Looking Ahead to MLA 2017

The American Literature Society is sponsoring a number of exciting panels at MLA, as listed under our Events page. Here’s a preview of some of those sessions:

453. Recovery Work: Digital Approaches to the Archive

(Session related to the Presidential Theme: Boundary Conditions)
Saturday, 7 January, 8:30–9:45 a.m.

112B, Pennsylvania Convention Center

Program arranged by the forum TM Bibliography and Scholarly Editing and the American Literature Society

Presiding: Anna Mae Duane, Univ. of Connecticut, Storrs

Speakers: Sigrid Anderson Cordell, Univ. of Michigan, Ann Arbor; Jim Casey, Univ. of Delaware, Newark; Melissa Dinsman, York Coll., City Univ. of New York; Amy Earhart, Texas A&M Univ., College Station; P. Gabrielle Foreman, Univ. of Delaware, Newark; Jessica Gordon-Burroughs, Hamilton Coll.; Carrie Johnston, Wake Forest Univ.; Elizabeth Rodrigues, Grinnell Coll.

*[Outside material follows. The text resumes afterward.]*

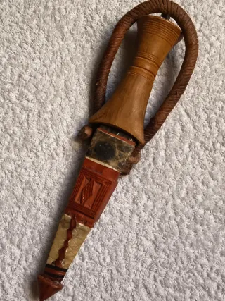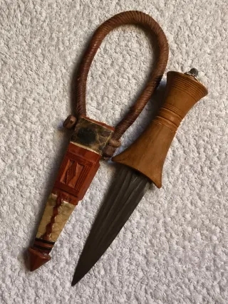 Daga Tebu de Nigeria para brazo. Procede de Norte de África y muy decorativa para colección con influencias de ese continente Medidas: 26 cm con funda Hoja acero: 11,50 cm Empuñadura de madera Funda de cuero y piel con detalles tallados. Muy bien conservada por coleccista privado. Hago envíos.

The Bibliography and Scholarly Editing forum and American Literature Society have selected five presentations for a collaborative roundtable that explores the possibilities and challenges that emerge at the intersection of digital humanities and the recovery of forgotten, lost, or disintegrating texts and archives. Technological change has radically altered how scholars and students engage with texts, as well as the kinds of texts available. There is now a dizzying array of texts available in digital archives, as well as on digital platforms like Google Books and HathiTrust. Digital tools have reshaped editorial practice while online archives have reoriented publishers’ priorities. This roundtable examines how DH has opened up the archive and created space for new directions in recovery work, editorial practice, and analysis. At the same time, this roundtable will also explore areas where further work is needed in order to guard against unforeseen distortions and future gaps in the record.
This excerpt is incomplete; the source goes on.